Nijmegen

Stad Nijmegen, door Isaac Tirion (ca. 1740)

 

Nijmegen is een stad en gemeente in de Nederlandse provincie Gelderland, dicht bij de grens met Duitsland. De gemeente telt 176.731 inwoners (1 januari 2019) en is qua inwonertal de grootste stad van zowel Gelderland als Oost-Nederland en daarnaast de tiende van Nederland.

De stad ligt grotendeels op de zuidelijke oever van de Waal, aan de voet van een stuwwal. De zogenaamde Waalsprong ligt ten noorden van de rivier, een gebied waarin zich een nieuwbouwdeel van het dorp Lent en groot nieuwbouwplan ten zuiden van het Overbetuwse dorp Oosterhout bevinden. Samen met Arnhem, Wijchen en 17 andere gemeenten in de omgeving vormt Nijmegen de Stadsregio Arnhem Nijmegen (SRAN, voorheen KAN) en is aangesloten bij het samenwerkingsverband Euregio Rijn-Waal. Van oudsher maakt Nijmegen met enkele andere gemeentes in de omgeving, zoals Wijchen, Beuningen en Berg en Dal, deel uit van het Rijk van Nijmegen.

Nijmegen heeft een lange geschiedenis die meer dan 2000 jaar teruggaat. Als Ulpia Noviomagus Batavorum kreeg het rond het jaar 100 marktrechten. In 1230 werd Nijmegen vrije rijksstad en in 1402 hanzestad. Nadat Nijmegen tussen 1655 en 1679 al eens een Kwartierlijke Academie huisvestte, is de stad sinds de komst van de Katholieke Universiteit (de huidige Radboud Universiteit) in 1923 een universiteitsstad.
De Latijnse term Noviomagus kan worden teruggevoerd op de Keltische woorden magos (‘vlakte’ of ‘markt’) en novio (‘nieuw’). De Romeinen latiniseerden dit vervolgens tot Noviomagus. Ze gebruikte deze als toponiem om verschillende steden mee aan te duiden. Nijmegen werd Ulpia Noviomagus Batavorum genoemd. In de tijd van Karel de Grote heette de stad Numaga, dat mettertijd in Nieumeghen (‘Nieuw-megen’) of Nymegen veranderde.

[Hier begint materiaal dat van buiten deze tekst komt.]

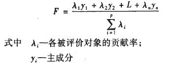 主成分分析的實(shí)質(zhì)是用少數(shù)幾個(gè)不相關(guān)的指標(biāo)來代替原來為數(shù)較多的、彼此有一定關(guān)系的指標(biāo),然而這幾個(gè)少數(shù)的指標(biāo)能夠盡可能多地反映原來的信息量。其可取之處在于通過一定的數(shù)學(xué)變換來實(shí)現(xiàn)定性指標(biāo)的定量化,同時(shí)避免了信息重復(fù),且權(quán)數(shù)是在指標(biāo)合成過程中自動(dòng)生成的,避免了人為確定權(quán)數(shù)時(shí)主觀因素的影響。在主成分分析的綜合評(píng)價(jià)上,目前我國(guó)學(xué)者的通常做法是既重視第一主成分,也顧及其他主成分所起的作用。在郝曉玲和孫強(qiáng)所編著的《信息化績(jī)效評(píng)價(jià)框架、實(shí)施與案例分析》一書中提出了一種改進(jìn)方法,即先按累計(jì)方差貢獻(xiàn)率不低于闕值的原則確定前k個(gè)主成分,然后以選擇的每個(gè)主成分各自的方差貢獻(xiàn)率為權(quán)數(shù),將它們線型加權(quán)求和得綜合評(píng)價(jià)值指標(biāo)F。綜合評(píng)價(jià)值F的計(jì)算公式為
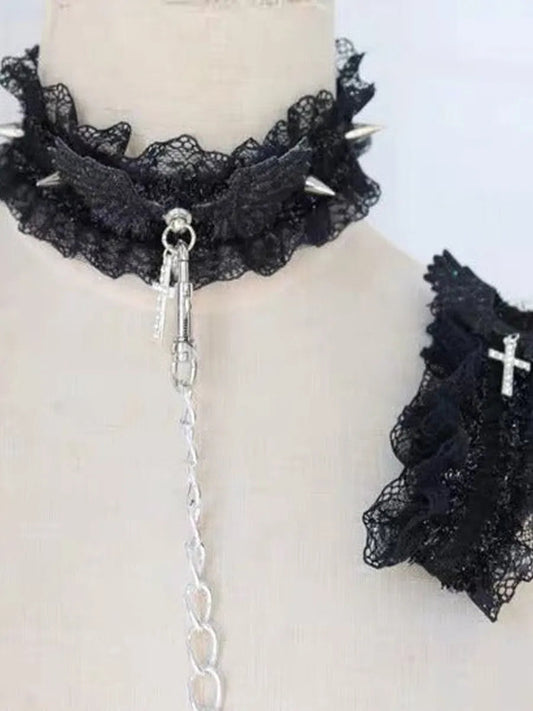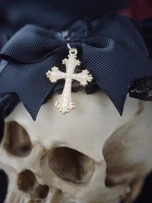 [Brenda] Lace Bowknot Cross Pendants Choker
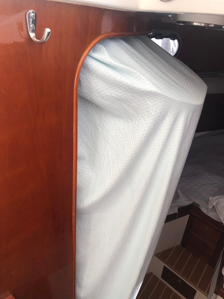 In the fore cabin, we added textilene panels with twist-lock fasteners in front of the shelves on each side of the bunk to make for easily accessible storage.
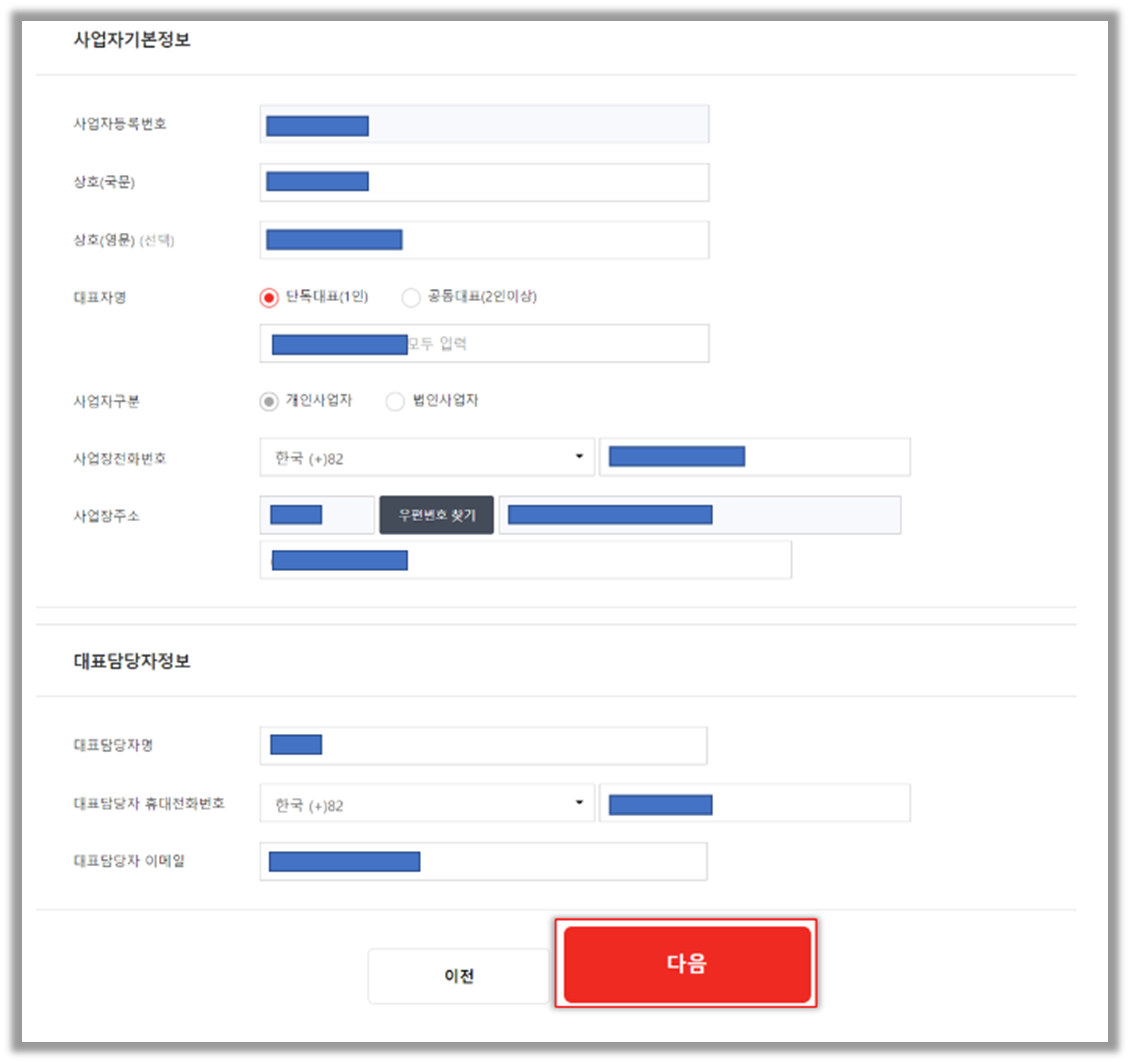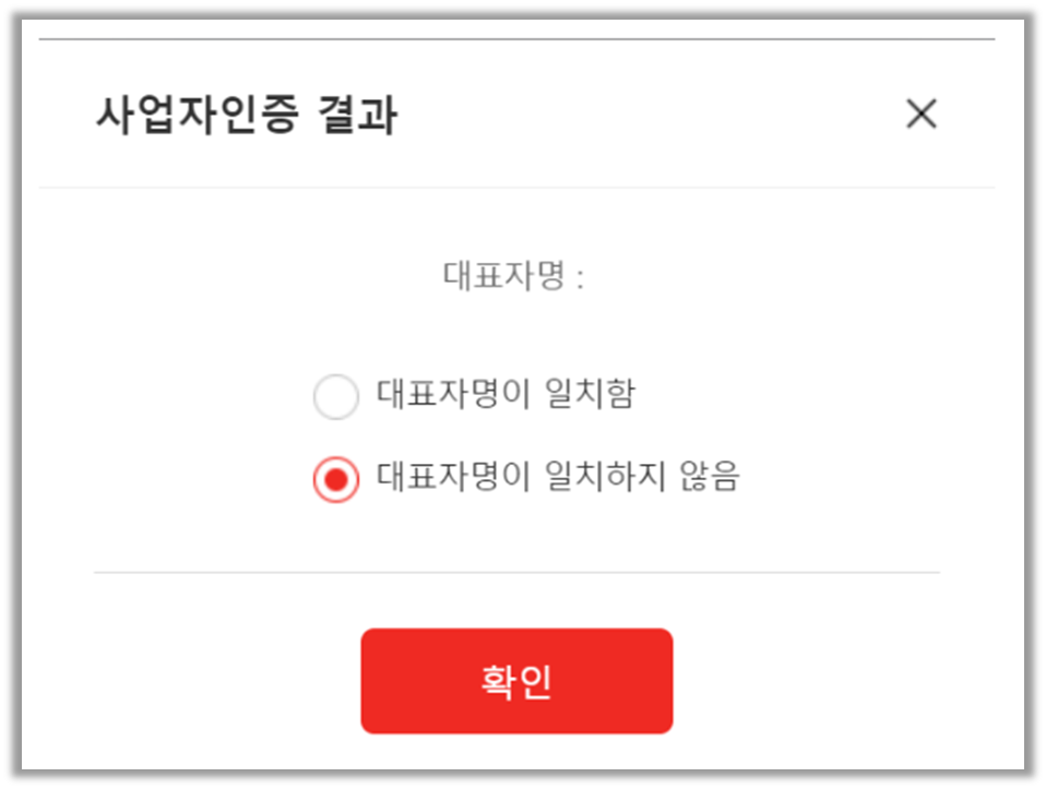 사업자 인증 결과 대표자명이 일치하지 않음으로 나오지만 그냥 확인버튼 누르시면 됩니다.

Nijmegen is mogelijk de oudste stad van het huidige Nederland en vierde in 2005 zijn 2000-jarig bestaan. Tijdens het Romeinse Rijk was Nijmegen onderdeel van de Limes, de grens tussen het Romeinse Rijk en de verschillende zogenaamde Germaanse gebieden. In Nijmegen was van 71 tot 104 het 10e legioen van de Romeinen gelegerd. Er is tijdens het Romeinse bewind een groot fort (castra) gebouwd op een heuvel aan de Waal, een paar onderdelen zijn daar nog van over. Er worden ook nog regelmatig opgravingen gedaan waarbij Romeinse spullen worden gevonden. Langs de Waal waar nu het Waterkwartier ligt ontstond een nieuwe nederzetting die van de Romeinse keizer Trajanus (oorspronkelijk van Itálica, Spanje) tussen 98 n.Chr. en 102 n.Chr. onder de naam Ulpia Noviomagus Batavorum stadsrechten kreeg.

De stad werd gevormd als handelsnederzetting naast het Romeinse castra. Dit bood een voordeel omdat de markt daardoor door de legionairs beschermd kon worden en bovendien omdat de legionairs ook vele goederen nodig hadden, waar ze bovendien een goede prijs voor konden betalen, omdat ze een redelijk salaris ontvingen. De naam Nijmegen is dan ook afgeleid van de Latijnse aanduiding “Novio-magus”, wat ‘nieuwe markt’ betekent. De Romeinen verlieten echter in de 3e eeuw het fort.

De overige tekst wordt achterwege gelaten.